Это были единственные слова, сказанные мною за день.

На вторую прогулку позвали поздно, и тут выпало полчаса оживленного времени. Привезли тюки картона. Арестанты разгружали возы; слышались смех и ругательства. Рядом кололи дрова. Это перенесло мою мысль на два с половиной года назад, когда впервые пришлось увидеть здесь эту работу. Тогда думал, что звуки раскалываемых дров – единственные, может быть, не специально тюремные звуки, которые мне придется услышать в течение трех лет. Теперь я с отрадой подумал, что время приходится считать уже не годами, а месяцами. Потом будут только недели, а затем только дни и, наконец…

Как многое переменилось на свете со времени моего ареста! Новорожденные младенцы уже дерутся, гимназисты успели окончить университет, студенты стали полноправными членами культурного общества и успели войти во вкус пользования узаконенными формами воровства; поэтические девицы располнели и пропахли кухней и пеленками; иных друзей уже нет в живых, а другие переменились, так что у меня с ними не найдется точек соприкосновения.

А сколько перемен в политической жизни! Вероятно, народились новые течения; учения, бывшие в зародыше, окрепли в борьбе или отцвели. Сколько мне придется потратить времени, чтобы понять все новое?

Дни конца сентября были тоскливые, и виноват в этом отъезд Александра. Пока он был близко, чувство одиночества смягчалось. Бывало влезешь в конце дня на окно и видишь, как летят воробьям куски булки. Ни лица, ни руки не видно, но я знал, что это Александр стоит у окна и переживает сейчас то же самое, что и я. То были приятные минуты, и воспоминание о них является первым за три года случаем, когда я обратился к прошлому с сожалением.

Увидел на прогулке Васю. Заметив меня в окне, он весь встрепенулся и преобразился: видимо, и он тосковал.

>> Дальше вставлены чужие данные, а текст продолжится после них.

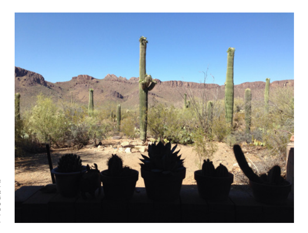
Figure 2: Creating indoor environments that reflect the outdoors—cacti viewed from inside a house in the Sonoran desert, Arizona.

its code, but we can only understand DNA's function by considering it whole, in action at multiple scales. Lewontin contends that organisms, influenced in their development by their surroundings, in turn change and even create the environments they live in.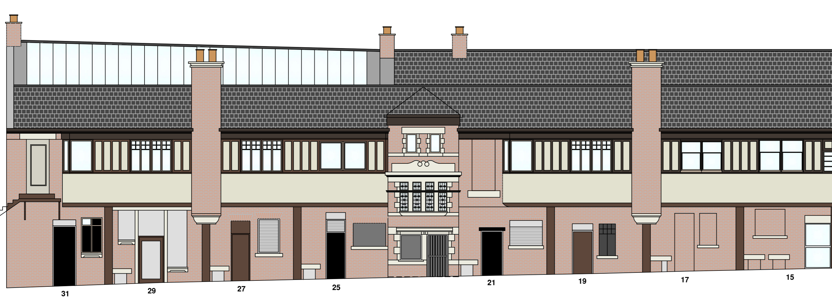
EXISTING ELEVATION TO BLACK SWAN WALK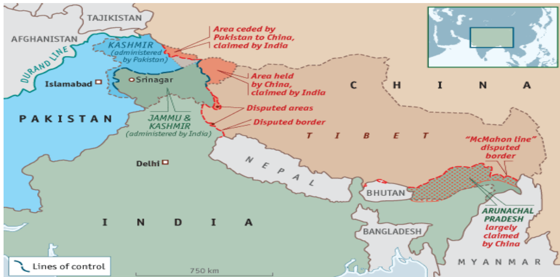
Figure 4 (Disputed Territories between India and Pakistan and India and China) 111

The major argument of this thesis is that all the countries that are somehow connected with the SCO have more or less same kind of problems, such as terrorism, extremism and separatism. Above all these issues, the largest countries have frozen conflicts with each other, top of the list are India, Pakistan and China. The maintenance of peace is not only inevitable for Pakistan and India but also carries major weight for China to achieve the ambitious trade targets it has. It is a proven fact that without peace and security it is almost impossible to achieve growth in long term. This is expected that the SCO can be helpful to find some strategic solution which would bring all the members and the observers at the same page to bring prosperity in the entire region.

А вечером в тот день в церкви мы стояли совсем близко: он впереди и чуть вправо от меня. Мы могли пожать друг другу руку, не делая шагу. Но хватило характера избежать скандала, который отразился бы на других товарищах. Зато мы часто переглядывались и с трудом удерживались от радостного смеха: он все время кусал платок, а я до боли стискивал зубы. На душе стало совсем легко. Я считал, что после отъезда Васи мне останется полтора месяца. Но все случилось по-иному.

Еще в начале сентября неожиданно пришел старший тюремный врач. Сперва я отнесся к его расспросам спокойно, а потом стал вдруг волноваться. Он сказал, что это от разговора. Я давно и сам заметил, что на свидании утомляюсь разговором через пять или десять минут, а имея дело с начальством, – через две-три минуты.

Неожиданный визит врача заставил задуматься: что он означает? Надзиратели говорят: «Значит, о вас кто-то хлопочет». Но я никому не разрешил хлопотать за меня и не верил надзирателям. Но не придумало ли чего-нибудь само начальство? Нет! Прочь эту мысль, нужно спокойно ждать 24 января.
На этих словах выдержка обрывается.